Wednesday, February 28, 2007
The numbers havs slowly dropped from an inital signup of 23 to 17 on the first week, then down to 13 on the 2nd week. Hopefully the dropouts are people who may not be up for the competitve elements of the sport, but I'll start to ask around this afternoon to see if there is anything that needs to be addressed.
The next phase will be to also include other teachers to gauge their opinion on how it is progressing. Ideally it should be a sport that can stand in its own right without my pushing, as it certainly needs to do that once it gets out to other schools and other districts. I 'm also beginning to get some documentation together for how to set up Competitive Computer Games in a school environment so that the process will be as smooth as possible getting it through BDSSS.
EDIT: I guess there wasn't anything to worry about, 20 showed for this week.
Tuesday, February 27, 2007
Thursday, February 22, 2007
One of the issues with developing virtual worlds is that the immersive qualities are not fully realised until the world is complete. Many of the tedious features like trees blowing, people going about their daily lives and having conversations away from the protagonist are usually not fleshed out until the main framework is complete. These add greatly to the realism of a scene, so they bring that feeling of 'being there' to life. With more ephemera there is more requirements on processing power and storage, to the point where systems can not cope with the amount of data on hand.
In Computer Graphics there are level of detail (LOD) techniques to limit the complexity of a scene depending on the resources available. These techniques rate the importance of specific vertexes in a 3D model based on their ability to define the shape of the model. The tip of a nose is more important in defining facial features than vertexes representing slight bumps on the forehead. When rendering the model, vertices are drawn in order of importance so that limited resource systems still see the basic shape of the object (like the point of the nose) whereas more powerful systems can view extra detail (like the point of a nose and all the minor lumps on the forehead).
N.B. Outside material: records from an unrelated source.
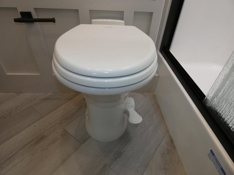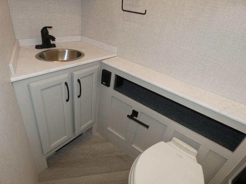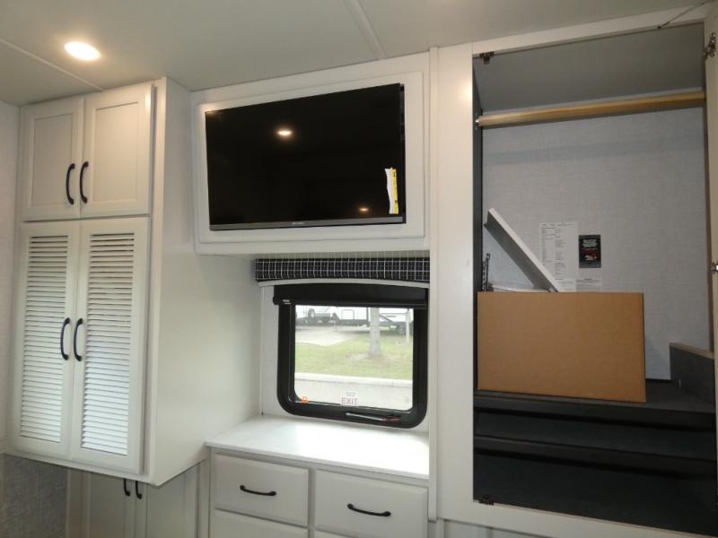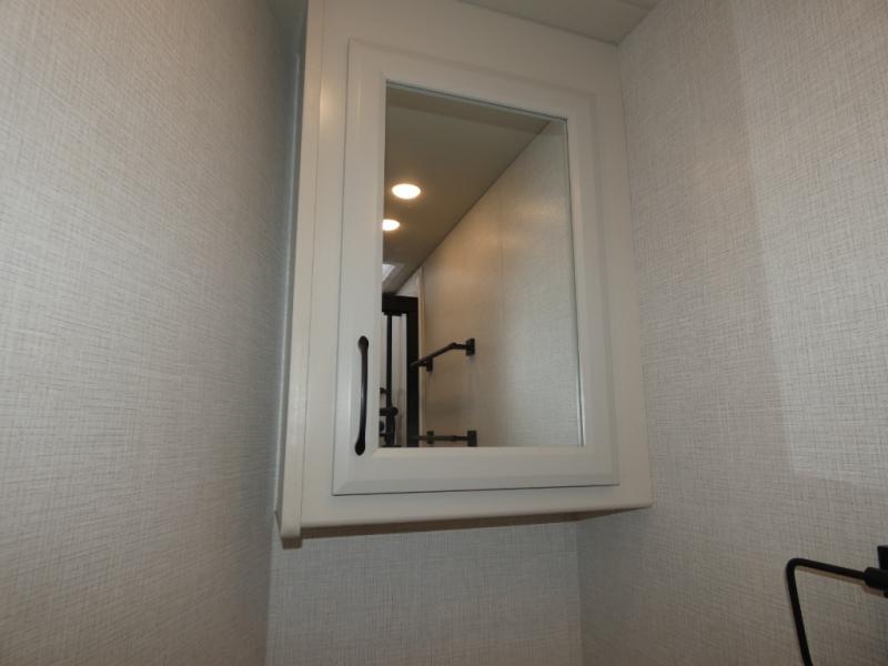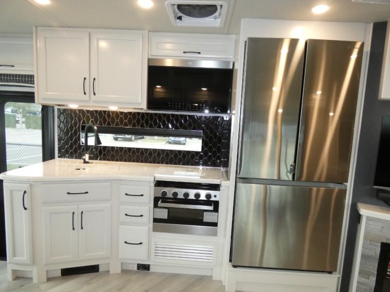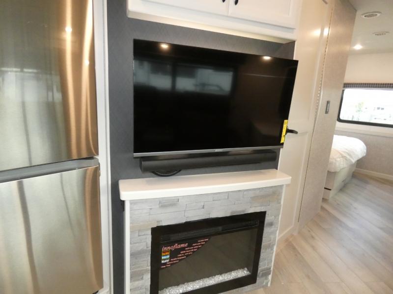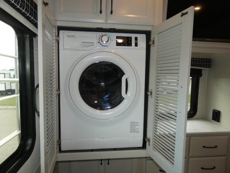 This double slide out coach will meet your needs perfectly on every family vacation. There is a dinette and theater seating in the main living area, plus a fireplace with an LED TV to make it feel a little more like home. You can prepare meals on the three burner cooktop, and leftovers can go in the stainless steel residential refrigerator. You're going to love the spacious full bath that includes a shower with a seat, a skylight, plus a medicine cabinet with a mirror.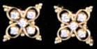 Each designed as five round cut diamond set flower, enhanced by carved 18K gold pattern.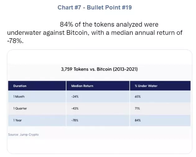 - It's not just me cherry-picking here. Jump Crypto performed a study that analyzed the performance of 3,759 tokens against BTC over the 8 years between 2013-20021. It concluded that 84% of the tokens analyzed were underwater against Bitcoin, with a median annual return of -78%. [Mish Comment: Chart 7 Below]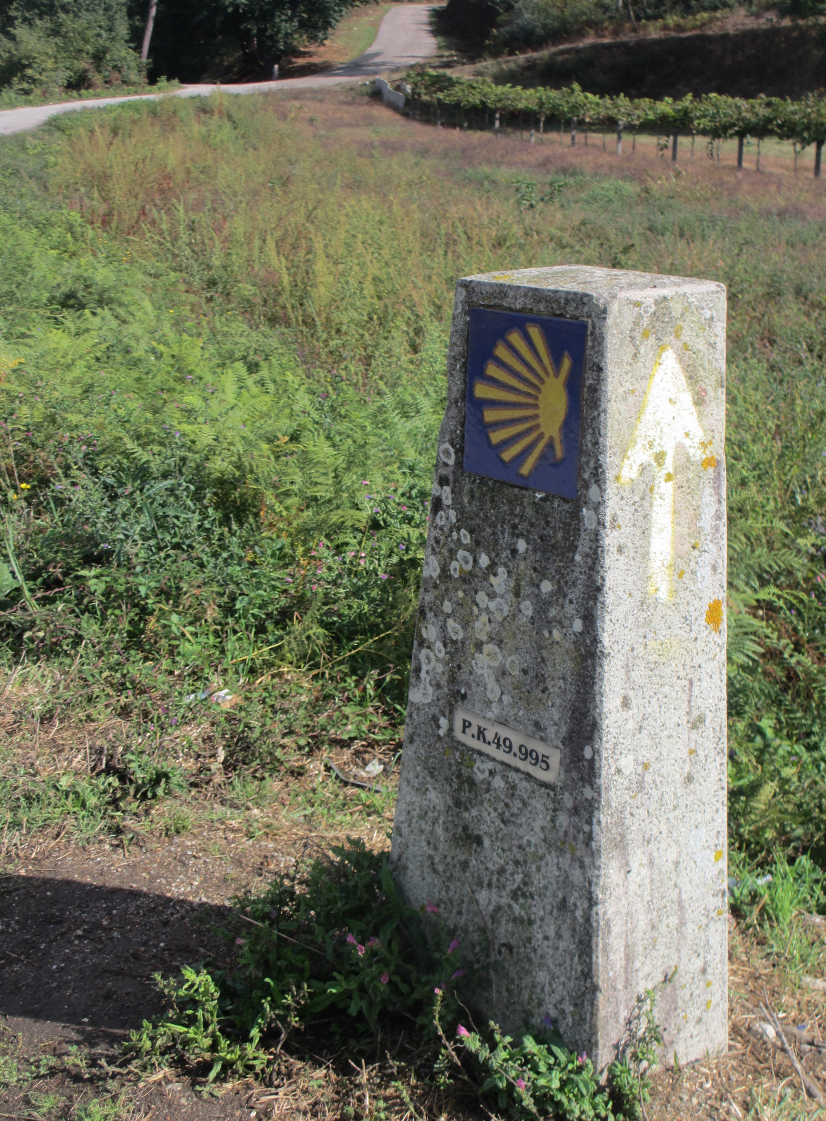 道標に「サンティアゴまで49.995km」の表示。ガリシアではどの道標にも1メートル単位の距離で表示されている。もっと大雑把な数字でも構わないのに。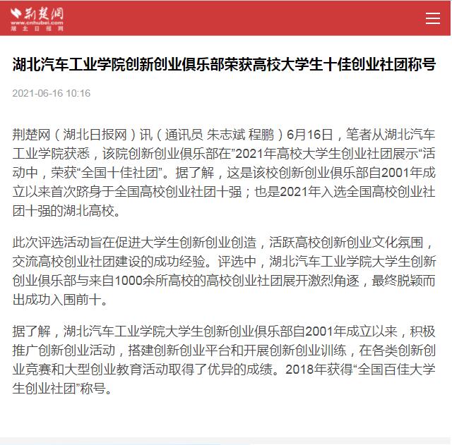 【荆楚网】湖北汽车工业学院创新创业俱乐部荣获高校大学生十佳创业社团称号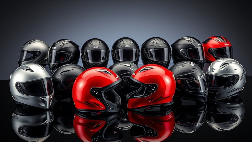 When searching for the 15 best high-end motorcycle helmets, I look for options that combine top safety standards, premium impact-resistant materials, and innovative features like modular designs and integrated Bluetooth. I want helmets that not only pass strict certifications like DOT, ECE, or SNELL but also offer comfort, durability, and versatility to match my riding style. If you’re curious about models with advanced impact protection and stylish finishes, you’ll find plenty of details if you continue exploring further.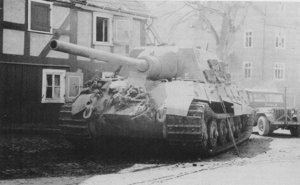 «Ягдтигр» (шасси № 305058), принадлежащий 512 тяжелому истребительно-противотанковому батальону, захваченный американскими войсками. Март 1945 г.
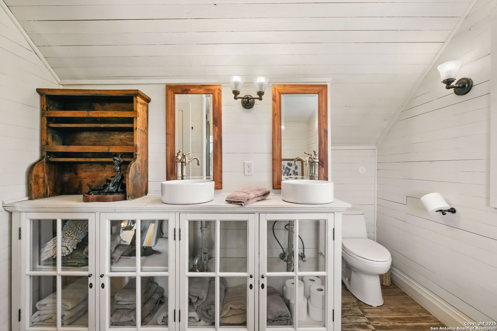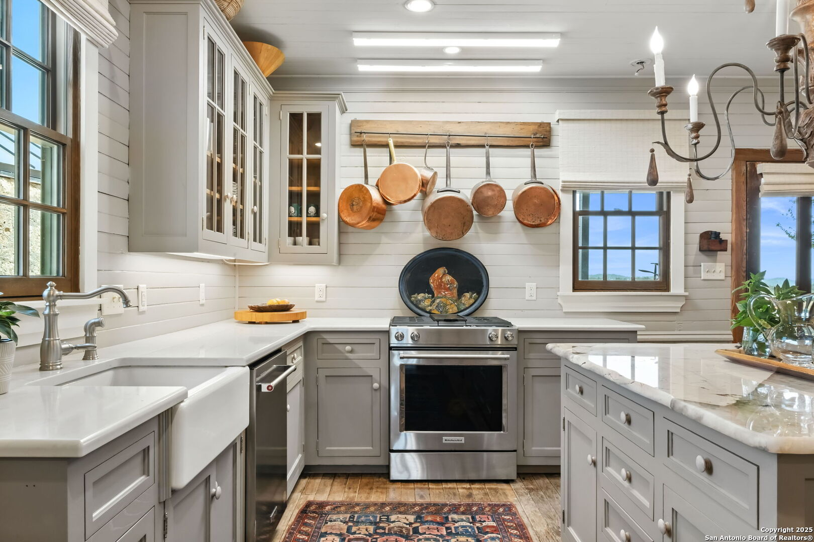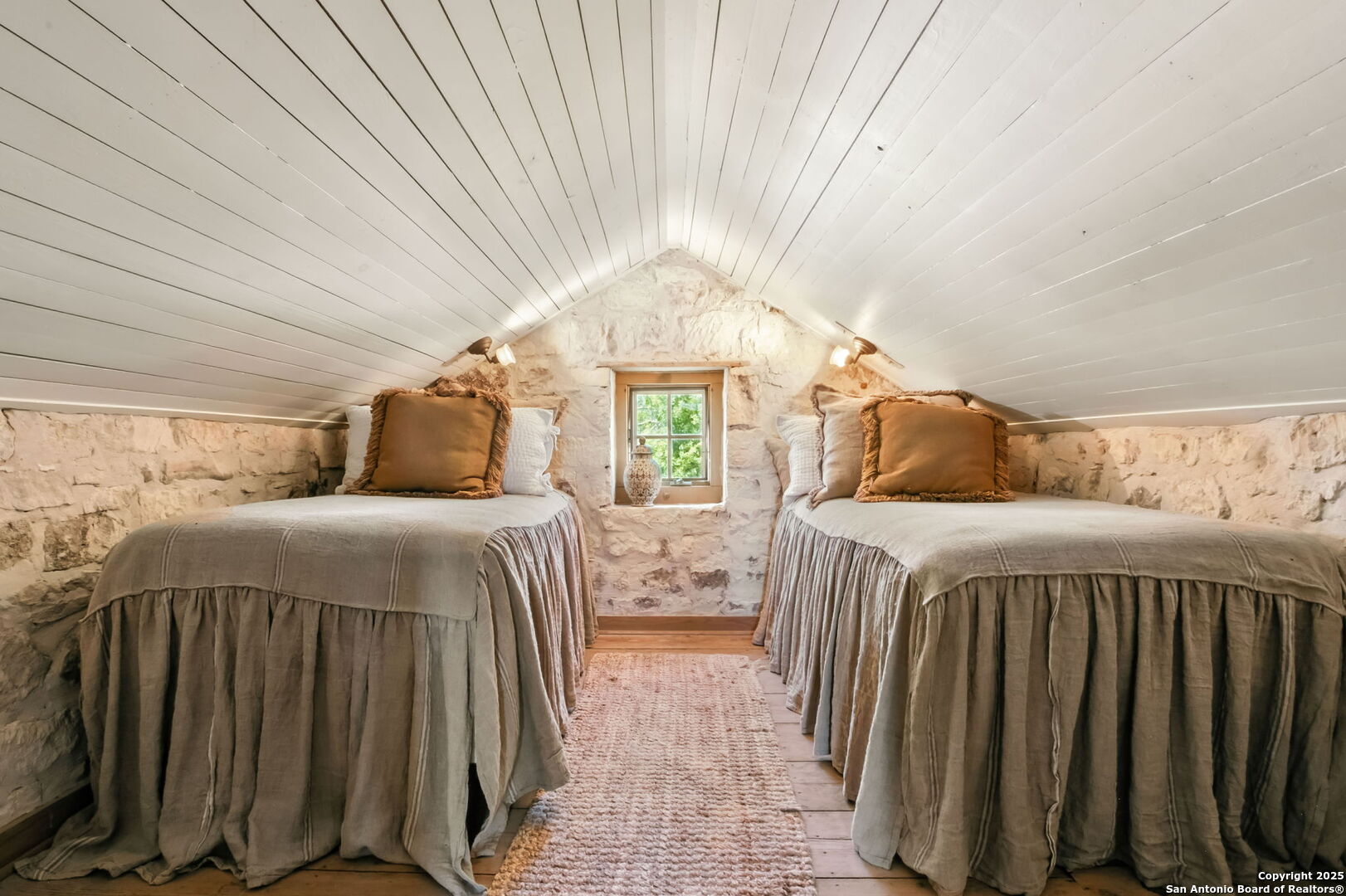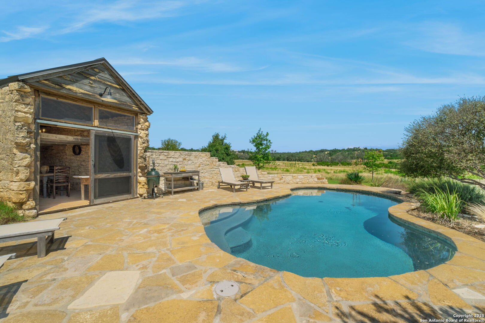 **OPEN SATURDAY 12-2** Step into a rare piece of Fredericksburg history, thoughtfully reimagined for modern living. Originally built in the 1890s by German settlers, this pioneer homestead at 716 Arbor Ridge showcases timeless masonry and authentic craftsmanship that honor its roots. The original stone barn still stands, now transformed into a screened garden room overlooking the sparkling pool, while the main limestone and wood-frame home has been meticulously expanded within the last three years by Eric Mustard Architects of Fredericksburg and M-Interiors of San Antonio. Today, it offers four bedrooms, three baths, and approximately 2,500 square feet of refined interiors, with original wood floors and stone walls beautifully preserved-adding warmth, character, and a tangible connection to the artisanship of a bygone era. Interior highlights include a modern chef's kitchen with custom cabinetry, stainless appliances, a gas range, and solid countertops. The vaulted primary suite retreat features a spa-like marble shower, whirlpool bath, and custom California Closet walk-in, complemented by a rich mahogany-paneled office. Authentic farmhouse living and dining areas with a fireplace and shiplap walls provide inviting gathering spaces, while an old root cellar has been converted into an extraordinary wine room. From hand-hewn stone walls to soaring ceilings and screened porches, every corner of the home seamlessly balances old-world character with modern luxury. Set on 25 rolling acres in the heart of Texas Hill Country, this retreat is as much about lifestyle as it is about architecture. Outdoor amenities include a sparkling pool, expansive flagstone patios, a rock fire pit, multiple screened porches, and a deer-proof garden with raised beds-all enhanced by landscape design from Oro Design Group of Austin. The grounds are further distinguished by two lined and aerated ponds stocked with bait fish, two water wells (including the original hand-dug limestone well), wildlife feeders, and an iconic windmill. A detached two-car garage with additional storage pairs with an oversized carport designed to house a Prevost bus, RV, or ranch vehicles, while concrete bunkers with a workshop area and a Generac generator provide added security. With its blend of historic integrity, thoughtful design, and rare acreage just minutes from Fredericksburg, this estate offers an extraordinary opportunity to own a piece of Texas heritage while enjoying the finest comforts of today.

With these techniques in mind, this model attempts to generate worlds based off events ordered by importance. Each event dictates a moment in space-time where an interaction occurs between different objects in the system. Very important events are generated first for large areas of this new world, then as the areas of space-time are broken into smaller and smaller chunks, new events are generated to flesh out the world. Each new event is deterministically created and constrained to abide by other events currently existing in the system. This enables a consistent, coherent world to be created no matter the starting position or the depth of processing available. With the ability to create virtual worlds at a whim, authors can then sculpt the world by placing specific events into the system while letting the event generation framework take care of everything else.
Tuesday, February 13, 2007
Virtual Reality: An alternate reality where interactions from the present reality are transferred through to the alternate reality seamlessly.
Although the term has become embedded into society as a phrase defining an immersive computer simulation (Okay, think "The Matrix" if you must), it also can be extended to other concepts.
Consider for a few moments what you do when you are driving. You are sitting in your car and rotating a wheel-like object in front of you and applying pressure to pedals at your feet. Sometimes you might even flick things, pull things, push things, but you do not actually move yourself inside the car. Your interactions through these wheels, levers, pedals and buttons make the world outside your car pass by you at differing rates. Is this a virtual reality? Realising that we DON'T notice this is the heart of what virtual reality is all about. Instead of concentrating on the act of turning the wheel,we seamlessly think of the action as making the car turn in the outside world. (Learner drivers are the obvious exception, and the concentration on the obvious controls in front of them is why it takes a while for them to 'get it'. That and the primal urge of others to honk at anything with an 'L' plate on it)
This immersive behaviour is not only limited to cars and such, as our own minds have been doing it for eons. To pick up a cup we send a signal to our arm to extend and, correlated by our eyes, be guided to the cup's position. Do we notice that we have to tell our arm what to do via electrical pulses? No. It is once again a seamless interaction where we think of the task in alternate reality terms instead of concentrating on the methods to achieve said task.